Ящерица отхаркивается и сплевывает:
– Эй, мудозвон сопливый, лезь в машину, не то щас все руки пообломаю нафиг.
Потоки машин волокут гарь и шум от светофора к светофору. У меня есть выбор?
«Кадиллак» урчит и мягко, как на воздушной подушке, катит по мосту через реку Сумида. Тонированные стекла приглушают яркий дневной свет, а кондиционер охлаждает салон до температуры пива в холодильнике. Я покрываюсь гусиной кожей. Франкенштейн сидит за рулем, а Ящерица, как поп-звезда, растянулся на заднем сиденье, рядом со мной. Поездка доставила бы удовольствие, если бы не якудза и возможная потеря работы. Вот бы найти телефон и позвонить госпоже Сасаки, сказать ей… что? Меньше всего на свете мне хочется ей лгать. Она хорошая. Мысленно уговариваю себя, что все это – пустяки, ведь за мной прислал отец. Вот что главное. Почему же это не радует? Мимо проплывает Северный Токио, квартал за кварталом, квартал за кварталом. Лучше быть машиной, чем человеком. Магистрали, эстакады, объезды. Трубопровод нефтефабрики, обсаженный штопорами сосен, тянется на километры. Огромный автомобильный завод. Акр за акром – белые каркасы кузовов. Выходит, отец как-то связан с якудза. Что ж, в этом есть определенный смысл. Деньги, власть и влияние. Белые полосы, колышущиеся деревья, заводские трубы – все как во сне. Часы на приборной доске показывают 13:23. Госпожа Сасаки будет гадать, почему я опаздываю.
– А можно позвонить?
Ящерица показывает мне средний палец. Я наглею:
– Я только…
Франкенштейн оборачивается:
– Заткнись нафиг, Миякэ! Терпеть не могу, когда малолетки ноют.
Отец не дал мне права голоса? Гадать бесполезно, надо откинуться на спинку сиденья и ждать. Проезжаем шлагбаум пропускного пункта. Франкенштейн жмет на газ, и «кадиллак» рвется вперед по платной магистрали. 13:41. Начинаются жилые районы, подступают горы, густо утыканные вышками электропередач. Справа на горизонте вычерчивается полоска моря. Ящерица зевает и зажигает сигарету. Он курит «Хоуп».
– Стильно путешествуем, а? – говорит Франкенштейн, обращаясь не ко мне. – Знаешь, сколько стоит такая тачка?
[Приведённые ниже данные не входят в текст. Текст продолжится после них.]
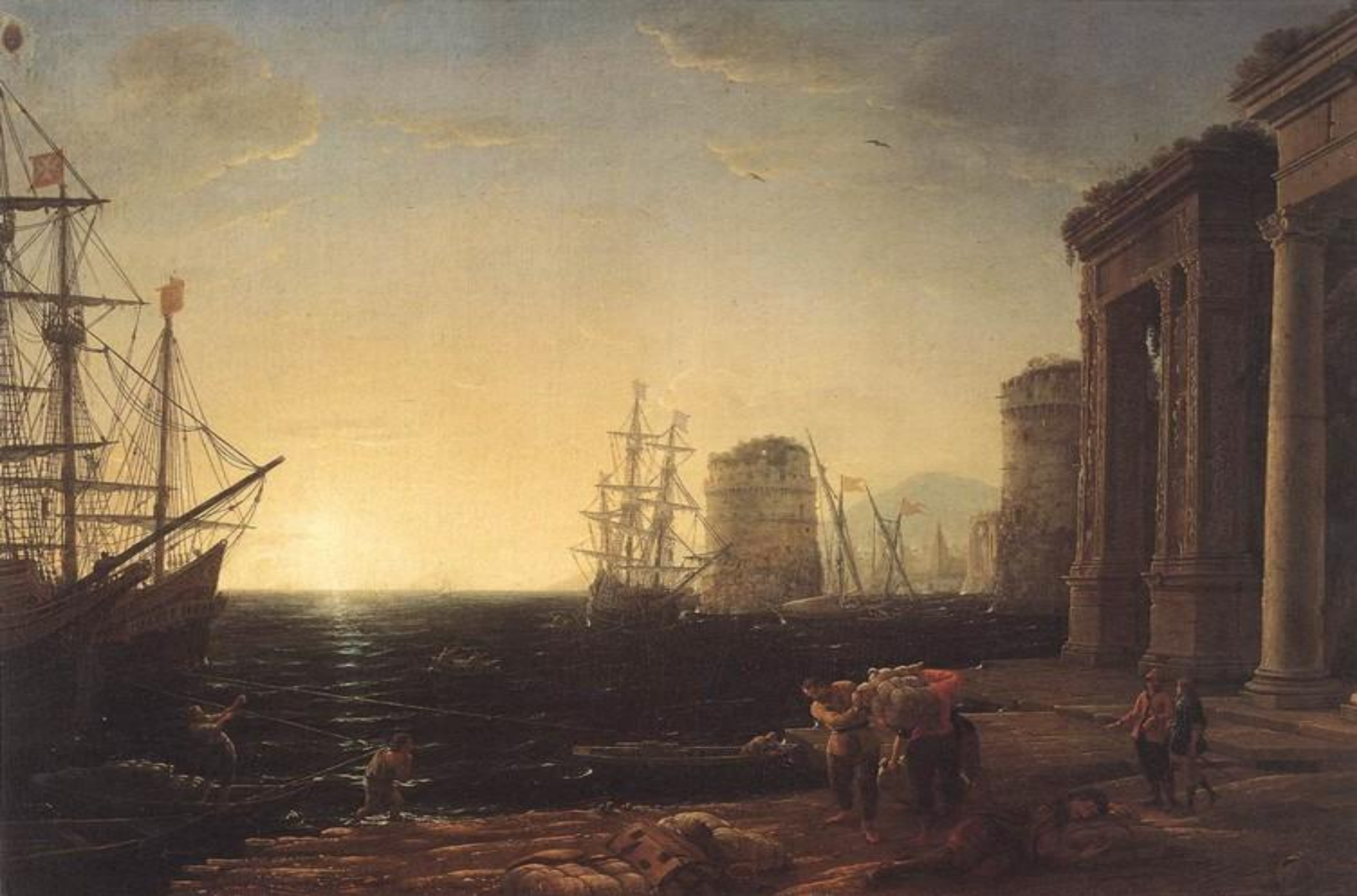
• Гавань при заходе солнца. 1643г.

Ящерица крутит на пальце перстень-череп:
– До фига.
Франкенштейн облизывает губы:
– Четверть миллиона долларов.
Ящерица:
– А на наши?
Франкенштейн прикидывает:
– Двадцать два миллиона иен.
Ящерица смотрит на меня:
– Слышал, Миякэ? Если сдашь вступительные экзамены, всю жизнь прокорпишь в офисе, будешь откладывать премиальные и девять раз переродишься, тоже сможешь разъезжать в «кадиллаке».
Я смотрю прямо перед собой.
– Миякэ! Я с тобой разговариваю.
– Извините. Мне же было сказано заткнуться нафиг.
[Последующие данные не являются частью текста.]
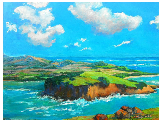
Pointe Marée et vue sur le Cap Macré 1967, Huile sur bois 48 x 59 cm

Ящерица присвистывает, с шелестом раскрывает выкидной нож.
– Ты губами-то не шлепай… – Нож, сверкнув у моего запястья, рассекает корпус наручных часов. – Мудило.
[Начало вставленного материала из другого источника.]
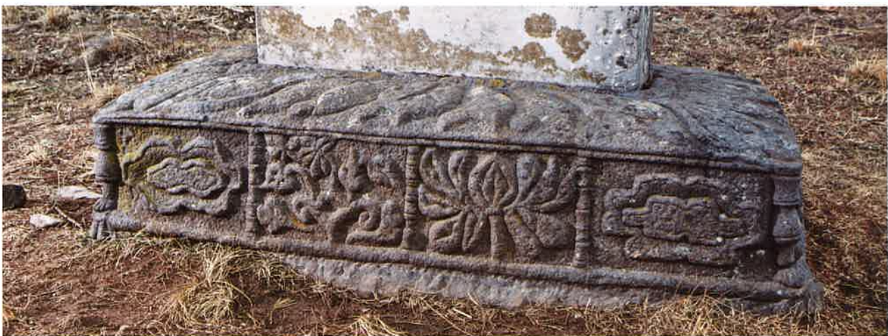
학림사 사적비 기단 / 鶴林寺 事蹟碑 基壇 / stylobate of Hangnimsa historical monument

Ящерица крутит нож в пальцах, злобно сверкает глазами: мол, попробуй сказать что-нибудь. Потом хохочет, скрипуче и отрывисто, зная, что победа за ним.
Вдали от прибрежной полосы Токийского залива празднуют торжественное открытие «Ксанаду». Съезд со скоростного шоссе увешан гирляндами, над огромным куполом парит гигантский дирижабль «Бриджстоун». У меня начинает болеть горло. «Валгалла» откроется под Новый год, а «Нирвана», с конечной станцией монорельсовой ветки до аэропорта, все еще строится. Поток машин ползет с черепашьей скоростью. Междугородние автобусы, седаны-универсалы, джипы, спортивные машины, снова междугородние автобусы бампер к бамперу выстроились в очередь перед пропускным пунктом. С флагштоков свисают флаги всех стран мира. Невероятных размеров транспарант с надписями: «„Ксанаду“ – открытие сегодня! Земной рай для семейного отдыха. Девятиэкранный мультиплекс! Олимпийский бассейн! Танцевальный зал „Криптон“! Караоке-центр! Кухня всех стран мира! Аквапарк „Нептун“! Патинко „Плутон“! Автостоянка на 10 000 – да, на 10 000 – парковочных мест». Полицейский на мотоцикле машет нам рукой, указывая на отдельную подъездную дорогу.
– «Кадиллакам» всюду почет и уважуха. – Ящерица выбивает из пачки еще одну «Хоуп».
– Так это ж наш человек, – говорит Франкенштейн, пока стекло ползет вниз. – Возвращаются старые добрые времена. Когда-то каждый долбаный полицейский в этом долбаном городе относился к нам с уважением.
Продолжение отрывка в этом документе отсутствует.